What the task requires:
A word-for-word copy of the following listing is needed. Leave out its images.

Information provided:
╔══

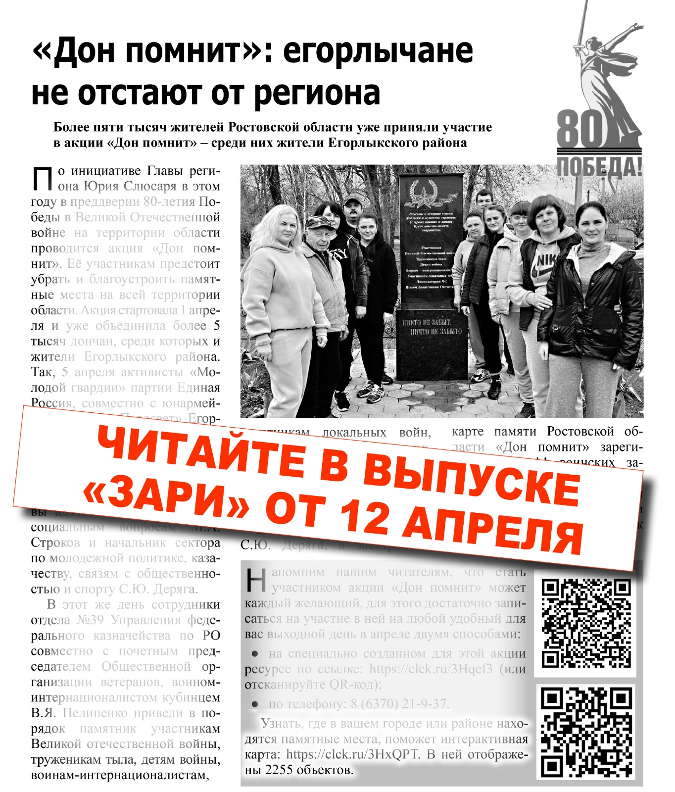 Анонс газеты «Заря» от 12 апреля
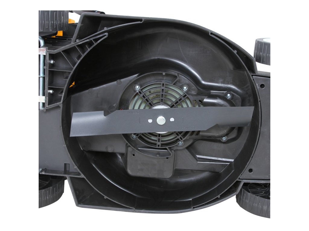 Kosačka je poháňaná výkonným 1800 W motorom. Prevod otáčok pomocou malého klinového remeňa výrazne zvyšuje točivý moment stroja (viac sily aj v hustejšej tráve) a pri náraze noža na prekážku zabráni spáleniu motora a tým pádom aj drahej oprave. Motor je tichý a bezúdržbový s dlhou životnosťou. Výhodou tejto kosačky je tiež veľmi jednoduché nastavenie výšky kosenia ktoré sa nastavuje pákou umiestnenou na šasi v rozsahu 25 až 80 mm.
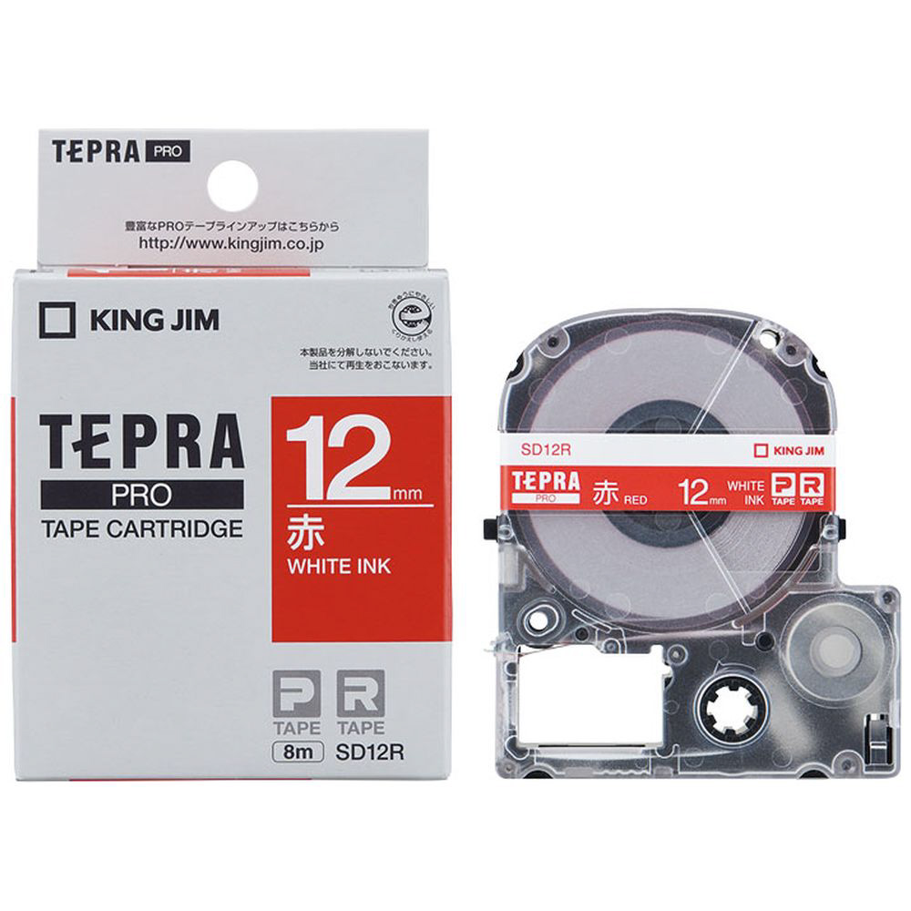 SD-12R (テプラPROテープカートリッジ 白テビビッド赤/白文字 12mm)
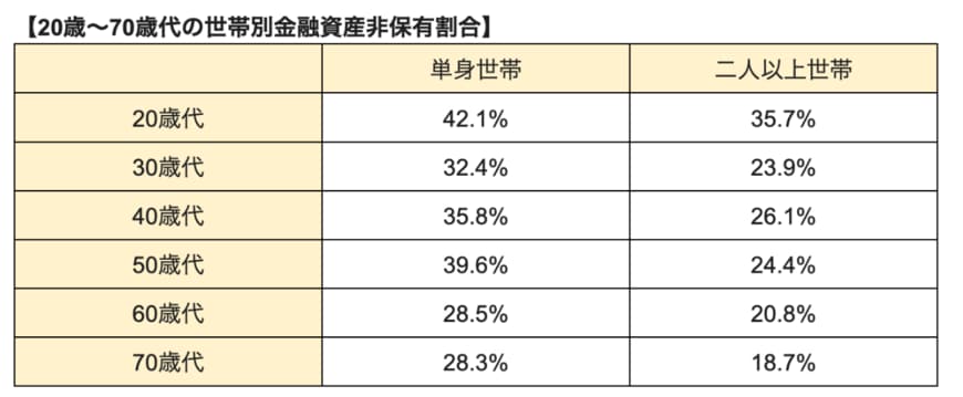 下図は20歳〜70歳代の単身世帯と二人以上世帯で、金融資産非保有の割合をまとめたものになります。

╚══

Written response:
 Анонс газеты «Заря» от 12 апреля
 Kosačka je poháňaná výkonným 1800 W motorom. Prevod otáčok pomocou malého klinového remeňa výrazne zvyšuje točivý moment stroja (viac sily aj v hustejšej tráve) a pri náraze noža na prekážku zabráni spáleniu motora a tým pádom aj drahej oprave. Motor je tichý a bezúdržbový s dlhou životnosťou. Výhodou tejto kosačky je tiež veľmi jednoduché nastavenie výšky kosenia ktoré sa nastavuje pákou umiestnenou na šasi v rozsahu 25 až 80 mm.
 SD-12R (テプラPROテープカートリッジ 白テビビッド赤/白文字 12mm)
 下図は20歳〜70歳代の単身世帯と二人以上世帯で、金融資産非保有の割合をまとめたものになります。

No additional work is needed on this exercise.